_Task to complete_
From the records below, output exactly the lines starting at the line with "DOOR LOCK: KEY" and ending at the line with "Вам обязательно понравится", both of them included, but no pictures.

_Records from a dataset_

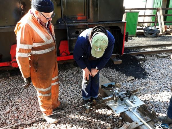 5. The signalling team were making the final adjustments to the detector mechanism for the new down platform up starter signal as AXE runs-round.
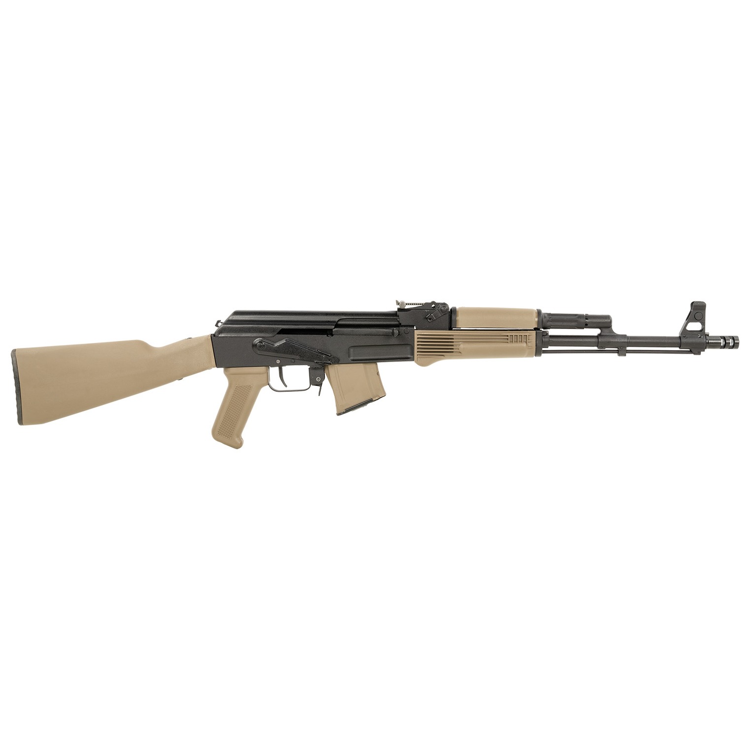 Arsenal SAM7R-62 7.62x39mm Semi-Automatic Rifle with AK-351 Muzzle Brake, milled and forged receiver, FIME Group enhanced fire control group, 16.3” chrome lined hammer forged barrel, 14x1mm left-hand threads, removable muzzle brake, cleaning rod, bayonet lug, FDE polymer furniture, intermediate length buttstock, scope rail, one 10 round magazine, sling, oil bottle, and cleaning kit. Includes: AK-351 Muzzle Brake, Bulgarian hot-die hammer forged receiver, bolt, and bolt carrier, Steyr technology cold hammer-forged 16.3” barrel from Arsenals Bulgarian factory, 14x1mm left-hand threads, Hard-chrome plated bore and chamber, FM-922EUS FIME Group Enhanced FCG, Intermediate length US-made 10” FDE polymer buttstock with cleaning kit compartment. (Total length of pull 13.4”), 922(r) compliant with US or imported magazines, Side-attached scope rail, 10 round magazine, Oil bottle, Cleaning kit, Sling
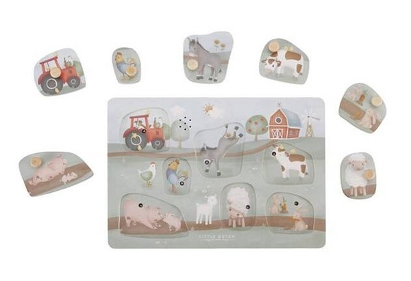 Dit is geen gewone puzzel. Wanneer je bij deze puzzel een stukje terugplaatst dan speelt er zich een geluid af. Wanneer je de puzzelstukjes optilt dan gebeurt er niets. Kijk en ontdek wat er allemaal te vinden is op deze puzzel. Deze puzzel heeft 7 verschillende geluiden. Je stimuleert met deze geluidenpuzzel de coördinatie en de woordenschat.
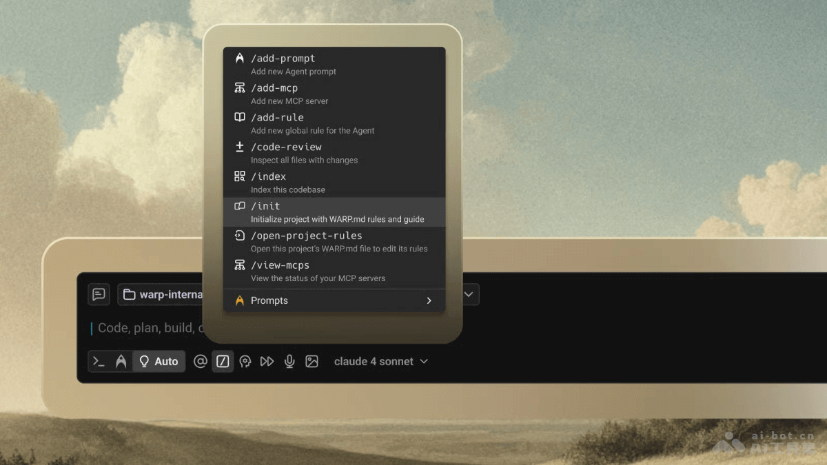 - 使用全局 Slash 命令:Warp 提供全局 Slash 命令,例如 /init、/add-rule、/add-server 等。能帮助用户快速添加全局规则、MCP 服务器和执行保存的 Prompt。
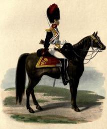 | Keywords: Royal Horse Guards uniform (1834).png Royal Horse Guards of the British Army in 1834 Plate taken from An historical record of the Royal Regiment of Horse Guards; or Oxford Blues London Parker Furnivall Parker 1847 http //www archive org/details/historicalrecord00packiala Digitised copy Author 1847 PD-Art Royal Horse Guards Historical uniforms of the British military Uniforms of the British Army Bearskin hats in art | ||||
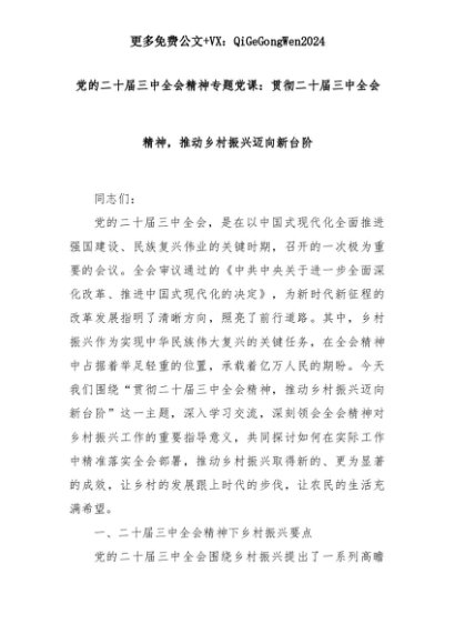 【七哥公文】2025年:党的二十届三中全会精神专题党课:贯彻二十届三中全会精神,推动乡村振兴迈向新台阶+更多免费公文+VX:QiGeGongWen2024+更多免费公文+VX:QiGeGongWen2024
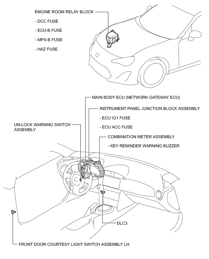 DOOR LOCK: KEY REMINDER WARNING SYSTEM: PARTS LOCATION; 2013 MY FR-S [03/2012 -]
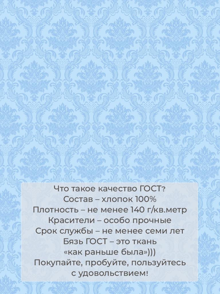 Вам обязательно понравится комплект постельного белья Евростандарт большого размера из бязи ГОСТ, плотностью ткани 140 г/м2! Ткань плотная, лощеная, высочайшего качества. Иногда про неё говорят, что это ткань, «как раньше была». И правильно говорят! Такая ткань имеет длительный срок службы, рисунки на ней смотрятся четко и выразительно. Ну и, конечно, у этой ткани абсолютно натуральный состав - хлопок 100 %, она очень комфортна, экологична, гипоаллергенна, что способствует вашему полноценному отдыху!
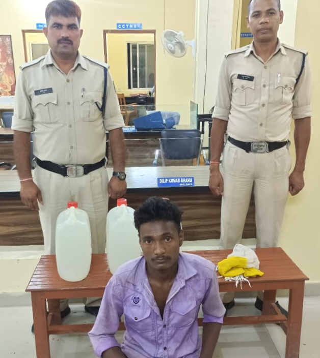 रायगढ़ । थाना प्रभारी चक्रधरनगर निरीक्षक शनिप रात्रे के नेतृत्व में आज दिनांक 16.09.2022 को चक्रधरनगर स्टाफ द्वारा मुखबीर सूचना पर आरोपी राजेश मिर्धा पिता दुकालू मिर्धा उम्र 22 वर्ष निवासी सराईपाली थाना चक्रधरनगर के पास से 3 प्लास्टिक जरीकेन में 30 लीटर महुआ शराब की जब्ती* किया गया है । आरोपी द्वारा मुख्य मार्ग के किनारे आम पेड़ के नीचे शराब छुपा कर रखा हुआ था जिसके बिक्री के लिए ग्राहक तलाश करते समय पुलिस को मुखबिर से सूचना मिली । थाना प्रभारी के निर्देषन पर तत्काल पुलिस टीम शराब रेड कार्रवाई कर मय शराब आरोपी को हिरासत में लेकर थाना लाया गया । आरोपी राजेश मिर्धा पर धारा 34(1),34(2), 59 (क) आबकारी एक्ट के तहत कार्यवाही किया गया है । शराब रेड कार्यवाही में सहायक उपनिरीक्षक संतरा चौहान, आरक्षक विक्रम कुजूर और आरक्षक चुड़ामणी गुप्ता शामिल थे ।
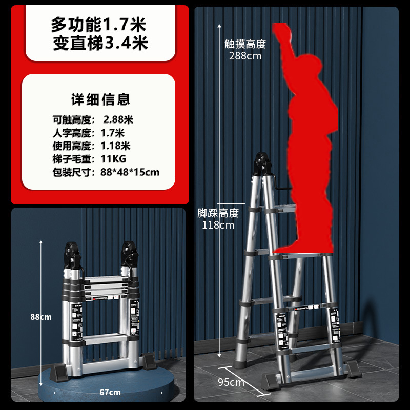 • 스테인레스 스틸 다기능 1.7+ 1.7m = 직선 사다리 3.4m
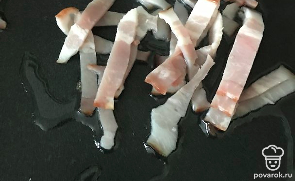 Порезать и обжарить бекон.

_Reply to the task_
 DOOR LOCK: KEY REMINDER WARNING SYSTEM: PARTS LOCATION; 2013 MY FR-S [03/2012 -]
 Вам обязательно понравится комплект постельного белья Евростандарт большого размера из бязи ГОСТ, плотностью ткани 140 г/м2! Ткань плотная, лощеная, высочайшего качества. Иногда про неё говорят, что это ткань, «как раньше была». И правильно говорят! Такая ткань имеет длительный срок службы, рисунки на ней смотрятся четко и выразительно. Ну и, конечно, у этой ткани абсолютно натуральный состав - хлопок 100 %, она очень комфортна, экологична, гипоаллергенна, что способствует вашему полноценному отдыху!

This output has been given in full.